Chen S, Supakar P C, Vellanoweth R L, Song C S, Chatterjee B, Roy A K
Department of Cellular and Structural Biology, University of Texas Health Science Center at San Antonio 78284-7762, USA.
Mol Endocrinol. 1997 Jan;11(1):3-15. doi: 10.1210/mend.11.1.9868.
The androgen receptor (AR) gene promoter does not contain the TATA or CAAT box, but it contains a long (approximately 90-bp) homopurine/homopyrimidine (pur/ pyr) stretch immediately upstream of the Sp1-binding GC box site. This pur-pyr stretch is conserved at the same proximal position in the rat, mouse, and human AR gene promoters. Mutation of this region results in a 3-fold decline in promoter activity, indicating an important regulatory function. Examination of the conformational state of the AR pur/pyr region with the single-strand-specific S1 nuclease showed that it is capable of forming a non-B DNA structure involving unpaired single strands. Fine mapping of the S1-sensitive site revealed an unsymmetric cleavage pattern indicative of an intramolecular triple helical H-form DNA conformation. Electrophoretic mobility shift analyses showed that the pur/pyr region of the AR promoter can bind a novel pyrimidine single-strand-specific protein (ssPyrBF) and also a double-strand DNA-binding protein. Both oligonucleotide cross-competition and antibody supershift experiments established that the double-strand binding protein is equivalent to Sp1. Deoxyribonuclease I (DNase I) footprinting analysis showed multiple Sp1-binding to the pur/pyr site and a weaker Sp1 interaction to this region compared with the adjacently located GC box, where Sp1 functions to recruit the TFIID complex. These results suggest that the pur/pyr domain of the AR gene can serve to attract additional Sp1 molecules when it exists in the double-stranded B-DNA conformation. However, binding of ssPyrBF and the resultant stabilization of the non-B DNA structure is expected to prevent its interaction with Sp1. We speculate that in the TATA-less AR gene promoter, multiple weak Sp1 sites at the pur/pyr region adjacent to the GC box can provide a readily available source of this transcription factor to the functional GC box, thereby facilitating the assembly of the initiation complex.

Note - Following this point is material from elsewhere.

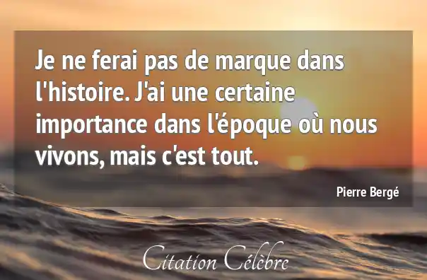 Je ne ferai pas de marque dans l'histoire. J'ai une certaine importance dans l'époque où nous vivons, mais c'est tout.

雄激素受体(AR)基因启动子不含TATA盒或CAAT盒,但在紧邻Sp1结合GC盒位点的上游含有一段长约90个碱基对的同嘌呤/同嘧啶(嘌呤/嘧啶)序列。该嘌呤-嘧啶序列在大鼠、小鼠和人类AR基因启动子的相同近端位置保守。该区域的突变导致启动子活性下降3倍,表明其具有重要的调节功能。用单链特异性S1核酸酶检测AR嘌呤/嘧啶区域的构象状态,结果显示它能够形成一种涉及未配对单链的非B型DNA结构。对S1敏感位点的精细定位揭示了一种不对称切割模式,表明存在分子内三螺旋H型DNA构象。电泳迁移率变动分析表明,AR启动子的嘌呤/嘧啶区域能结合一种新型嘧啶单链特异性蛋白(ssPyrBF)以及一种双链DNA结合蛋白。寡核苷酸交叉竞争实验和抗体超迁移实验均证实,双链结合蛋白等同于Sp1。脱氧核糖核酸酶I(DNase I)足迹分析显示,Sp1与嘌呤/嘧啶位点有多个结合位点,与相邻的GC盒相比,Sp1与该区域的相互作用较弱,而Sp1在GC盒发挥作用以募集TFIID复合物。这些结果表明,当AR基因的嘌呤/嘧啶结构域以双链B-DNA构象存在时,它可用于吸引额外的Sp1分子。然而,ssPyrBF的结合以及由此导致的非B型DNA结构的稳定预计会阻止其与Sp1的相互作用。我们推测,在无TATA的AR基因启动子中,紧邻GC盒的嘌呤/嘧啶区域的多个弱Sp1位点可为功能性GC盒提供该转录因子的现成来源,从而促进起始复合物的组装。